### Activity
Locate "她是名为《水神克塔亚特》的魔" in the listing. Transcribe the line that contains it and every line that follows, through the last, omitting all pictures.

### Recorded information
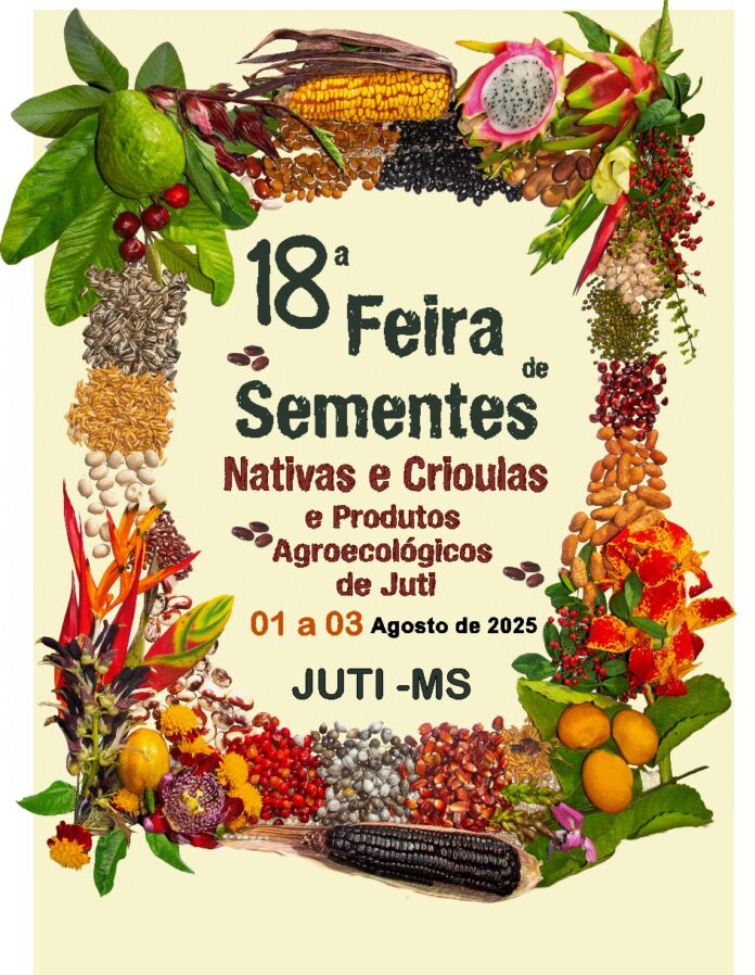O município de Juti, no sul de Mato Grosso do Sul, fica pronto para receber entre os dias 1º e 3 de agosto de 2025 a 18ª edição da tradicional Feira de Sementes Nativas e Crioulas e Produtos Agroecológicos. Em sua nova etapa, o evento propõe fortalecer a conservação das sementes crioulas, reforçando a segurança alimentar e a agroecologia na região.
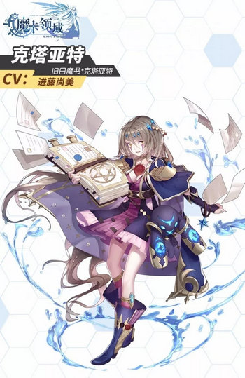 她是名为《水神克塔亚特》的魔法书,而非水的神灵——这点总被不了解克苏鲁神话的新伙伴误会。希望交许多朋友,经常幻想自己受欢迎的样子并一个人傻笑。但不擅长和外人交流,说不了几句话就会浑身冒汗而浸湿书本....也因为这点使得她的伪装很容易被识破。与身为混沌之水的努恩亲近;此外,在听说她可以让深潜者接触和召起拉莱耶城之后,沉没大陆亚特兰蒂斯之王亚特拉斯热情的好奇心,让克塔亚特也有些招架不住。
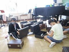 今日は、ほとんどの児童が自分の楽器のチェックからスタートです。
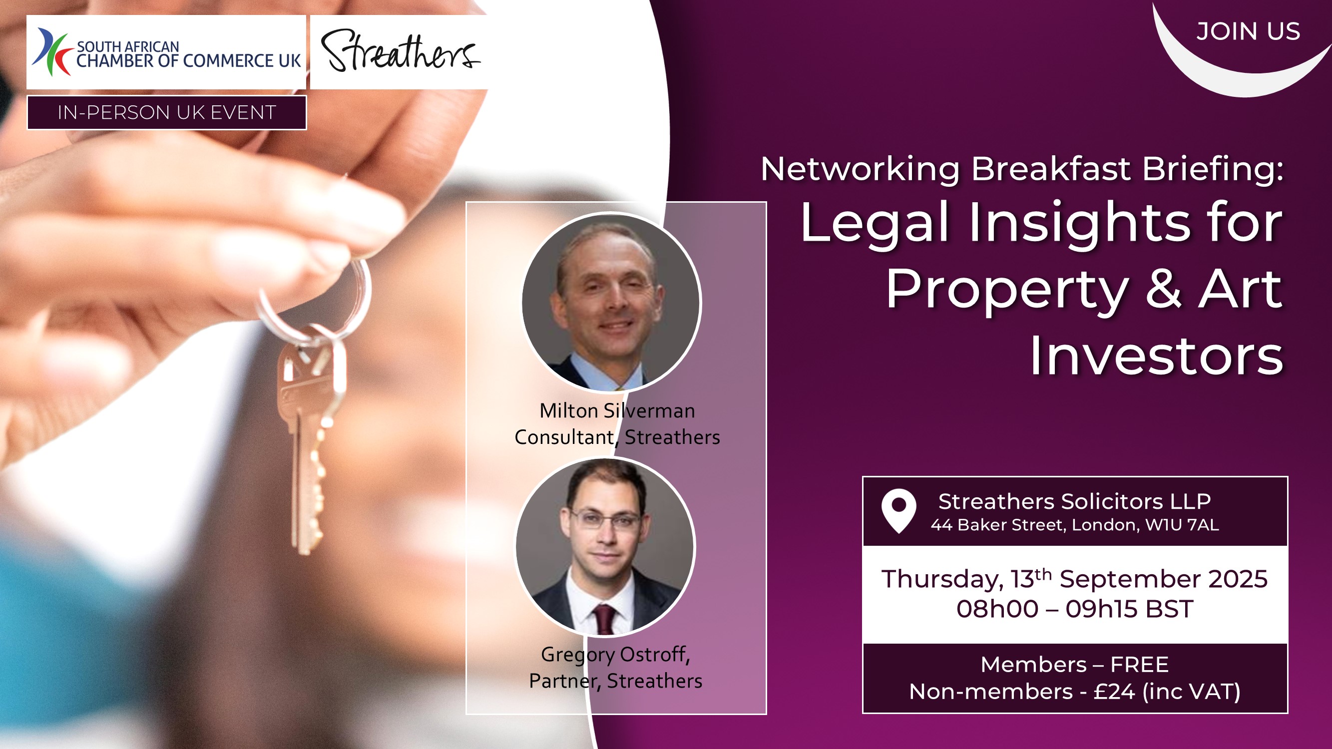 Gain expert insights, connect with fellow members of the South African Chamber of Commerce UK, and expand your professional network, all while enjoying a light breakfast. We are delighted to welcome two speakers from Streathers Solicitors: Gregory Ostroff – Partner, Dispute Resolution Department Gregory specialises in high-value and complex commercial and property disputes, with extensive trial experience and a strong track record of success. In his talk, Gregory will cover crucial legal issues surrounding commercial leases, including renewals and termination – essential knowledge for anyone investing in UK property. Milton Silverman – Consultant, Dispute Resolution Department Milton has been a key figure in commercial litigation since 1984 and brings deep expertise in the art and cultural property sector. He has advised internationally, lectured at institutions such as Sotheby’s Institute, and served as the legal correspondent for the Antiques Trade Gazette. Milton will explore the emerging tensions between artists and the AI industry, and share insights into the evolving government response. Members: Free of Charge Non Member: £20 + VAT

### Task result
 她是名为《水神克塔亚特》的魔法书,而非水的神灵——这点总被不了解克苏鲁神话的新伙伴误会。希望交许多朋友,经常幻想自己受欢迎的样子并一个人傻笑。但不擅长和外人交流,说不了几句话就会浑身冒汗而浸湿书本....也因为这点使得她的伪装很容易被识破。与身为混沌之水的努恩亲近;此外,在听说她可以让深潜者接触和召起拉莱耶城之后,沉没大陆亚特兰蒂斯之王亚特拉斯热情的好奇心,让克塔亚特也有些招架不住。
 今日は、ほとんどの児童が自分の楽器のチェックからスタートです。
 Gain expert insights, connect with fellow members of the South African Chamber of Commerce UK, and expand your professional network, all while enjoying a light breakfast. We are delighted to welcome two speakers from Streathers Solicitors: Gregory Ostroff – Partner, Dispute Resolution Department Gregory specialises in high-value and complex commercial and property disputes, with extensive trial experience and a strong track record of success. In his talk, Gregory will cover crucial legal issues surrounding commercial leases, including renewals and termination – essential knowledge for anyone investing in UK property. Milton Silverman – Consultant, Dispute Resolution Department Milton has been a key figure in commercial litigation since 1984 and brings deep expertise in the art and cultural property sector. He has advised internationally, lectured at institutions such as Sotheby’s Institute, and served as the legal correspondent for the Antiques Trade Gazette. Milton will explore the emerging tensions between artists and the AI industry, and share insights into the evolving government response. Members: Free of Charge Non Member: £20 + VAT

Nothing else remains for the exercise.